In concert with driving EMT, recent work has linked the MUC1-C→NF-κB pathway to the regulation of DNA methylation in carcinoma cells (Fig. 1) [1]. Interestingly, the findings demonstrate that MUC1-C induces the expression of DNMT1 and DNMT3b, but not DNMT3a [1], in line with the requirement for both DNMT1 and DNMT3b to silence genes in cancer cells [6]. MUC1-C drives NF-κB p65 occupancy on the DNMT1 and DNMT3b promoters and promotes their activation [1]. In this way, MUC1-C regulates global DNA methylation and induces CDH1 promoter methylation with suppression of E-cadherin expression. These findings and the role of MUC1-C in inducing EMT have invoked the likelihood that MUC1-C epigenetically regulates other genes in the EMT program (Fig. 1) [7]. In addition and as raised below, these findings support the notion that MUC1-C is a potential target for derepressing tumor suppressor genes (TSGs), such as CDH1 and others.

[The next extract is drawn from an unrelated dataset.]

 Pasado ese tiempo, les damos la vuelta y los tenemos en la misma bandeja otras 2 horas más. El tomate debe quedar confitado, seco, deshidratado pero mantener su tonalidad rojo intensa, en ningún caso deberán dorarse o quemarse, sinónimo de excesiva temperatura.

DNMT1 is necessary for the self-renewal of leukemia stem cells. Moreover, the anti-leukemic agent decita-bine downregulates DNMT1, but has no effect on DNMT3a/b expression, supporting the potential importance of DNMT1 as a target for the treatment of AML [2]. In this regard and based on the results obtained in carcinoma cells, MUC1-C was found to induce DNMT1 expression by an NF-κB p65-dependent mechanism in AML cells [2]. Targeting MUC1-C with silencing or pharmacologically with the inhibitor GO-203 in AML cell lines and primary blasts was thus associated with (i) the suppression of DNMT1, (ii) decreases in methylation of CpG islands in the CDH1 promoter, and (iii) upregulation of E-cadherin [2]. Targeting MUC1-C in AML cells was also associated with derepression of the PTEN and BRCA1 TSGs [2].

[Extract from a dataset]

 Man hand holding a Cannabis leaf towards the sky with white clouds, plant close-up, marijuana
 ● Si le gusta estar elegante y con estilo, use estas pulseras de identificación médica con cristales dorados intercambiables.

The available evidence thus supports an important role for MUC1-C in the dysregulation of DNA methylation in human cancer cells [1, 2]. Therefore, targeting MUC1-C could represent a therapeutic approach alone and in combination with agents, such as decitabine, for reprogramming the cancer epigenome. Indeed, the combination of GO-203 and decitabine has been shown to be highly effective in downregulating DNMT1 and decreasing AML cell survival [2]. With regard to the potential for clinical translation, GO-203 has completed Phase I evaluation in patients with advanced carcinomas. Moreover, based on the above findings, a Phase Ib/IIa trial of GO-203 in combination with decitabine is underway for the treatment of patients with relapsed/refractory AML.